_WHAT TO DO_
Please retype every entry as written, and keep the pictures out.

··· EXTRACTED MATERIAL ···

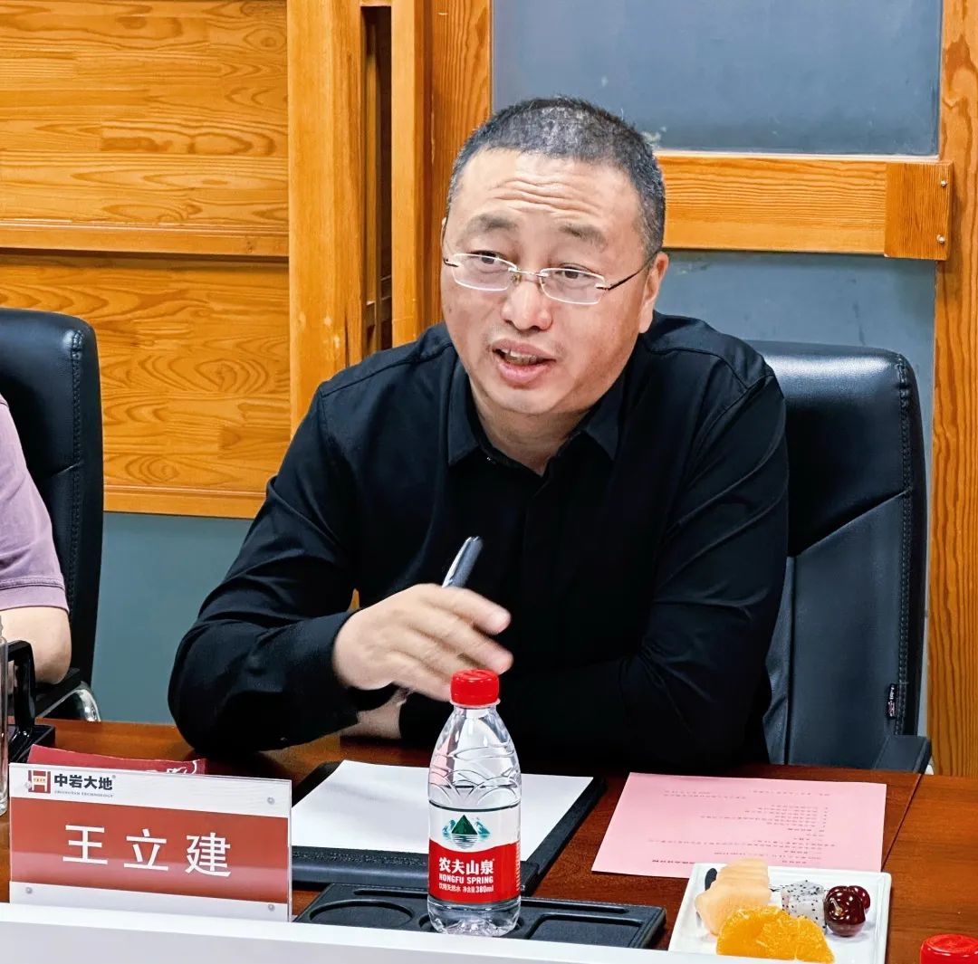 王立建代表公司对刘汉龙院士一行来公司交流讲座表示热烈欢迎,他简要介绍了公司的基本情况,表示中岩大地一贯坚持以“核心技术+核心材料”为国家战略服务,致力于在核电、港口、水利水电等领域持续深耕。王立建进一步阐明公司坚持研发创新、技术先行,积极攻关行业卡脖子技术,推动与高等院校、科研院所等联合开展关键技术攻关,破解技术难题,为岩土工程行业高质量发展护航。
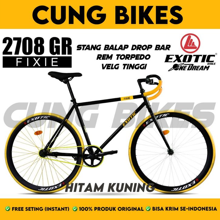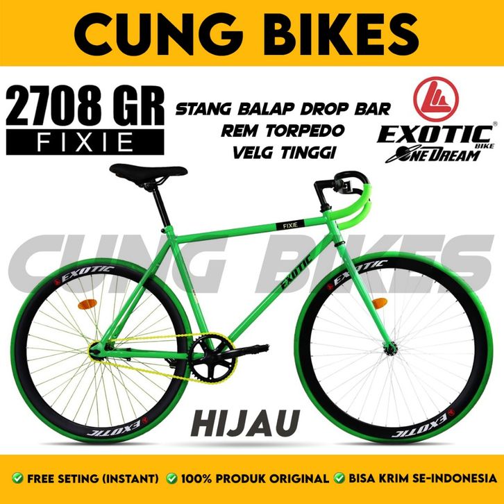 Sepeda Fixie Fullbike EXOTIC 2708GR 700c Stang Balap Dropbar Rem Torpedo
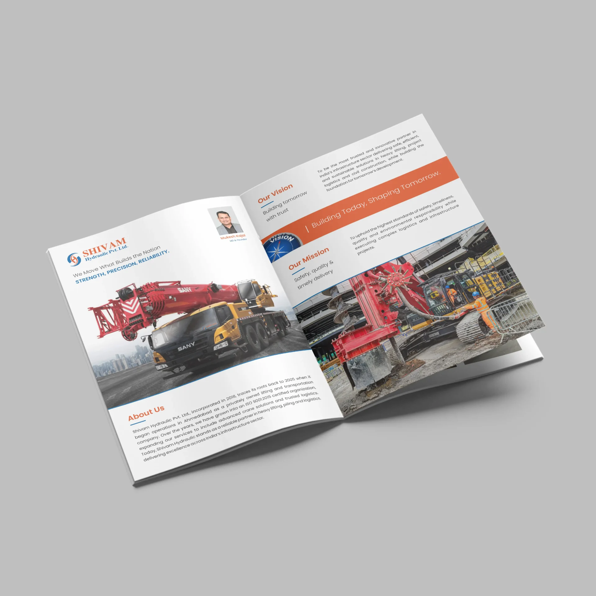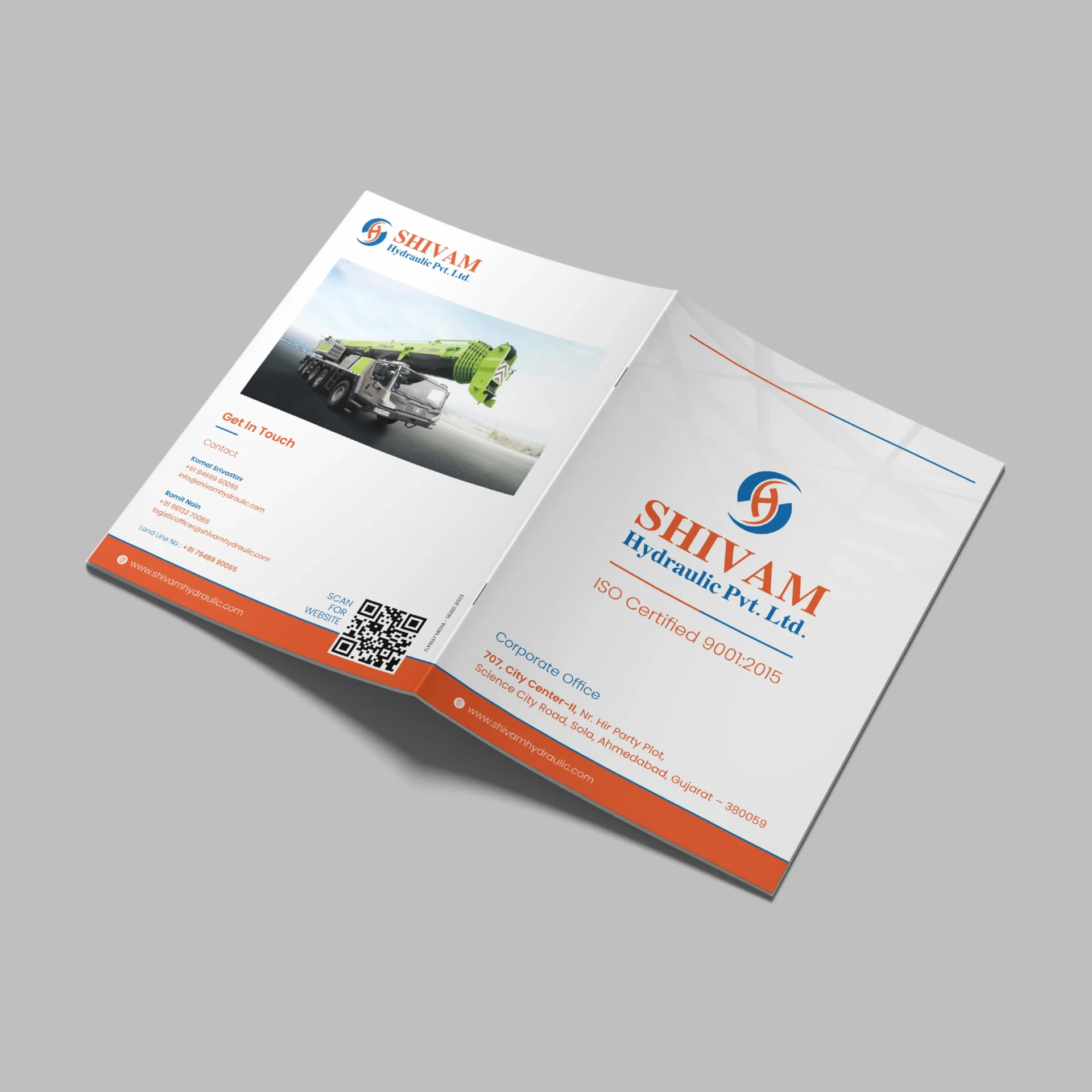 http://Corporate%20brochure%20cover%20design%20for%20Shivam%20Hydraulic%20Pvt.%20Ltd.%20featuring%20clean%20branding,%20ISO%20certification%20details,%20and%20a%20minimal%20white-orange-blue%20layout.
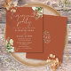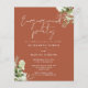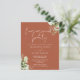 This elegant budget terracotta botanical greenery floral engagement party invitation can be personalised with your information in chic typography with your monogram initials on the reverse. Designed by Thisisnotme©
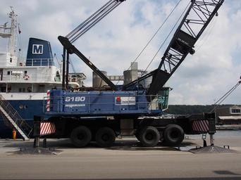 Keywords: Sennebogen 6180 harbor crane at VEJLE habor, pic1.JPG Photographed in Vejle Denmark own 2013-06-15 09 51 31 Alf van Beem CC-Zero Vejle harbor Other photographs by Alf van Beem

···

_ANSWER AREA_
 王立建代表公司对刘汉龙院士一行来公司交流讲座表示热烈欢迎,他简要介绍了公司的基本情况,表示中岩大地一贯坚持以“核心技术+核心材料”为国家战略服务,致力于在核电、港口、水利水电等领域持续深耕。王立建进一步阐明公司坚持研发创新、技术先行,积极攻关行业卡脖子技术,推动与高等院校、科研院所等联合开展关键技术攻关,破解技术难题,为岩土工程行业高质量发展护航。
 Sepeda Fixie Fullbike EXOTIC 2708GR 700c Stang Balap Dropbar Rem Torpedo
 http://Corporate%20brochure%20cover%20design%20for%20Shivam%20Hydraulic%20Pvt.%20Ltd.%20featuring%20clean%20branding,%20ISO%20certification%20details,%20and%20a%20minimal%20white-orange-blue%20layout.
 This elegant budget terracotta botanical greenery floral engagement party invitation can be personalised with your information in chic typography with your monogram initials on the reverse. Designed by Thisisnotme©
 Keywords: Sennebogen 6180 harbor crane at VEJLE habor, pic1.JPG Photographed in Vejle Denmark own 2013-06-15 09 51 31 Alf van Beem CC-Zero Vejle harbor Other photographs by Alf van Beem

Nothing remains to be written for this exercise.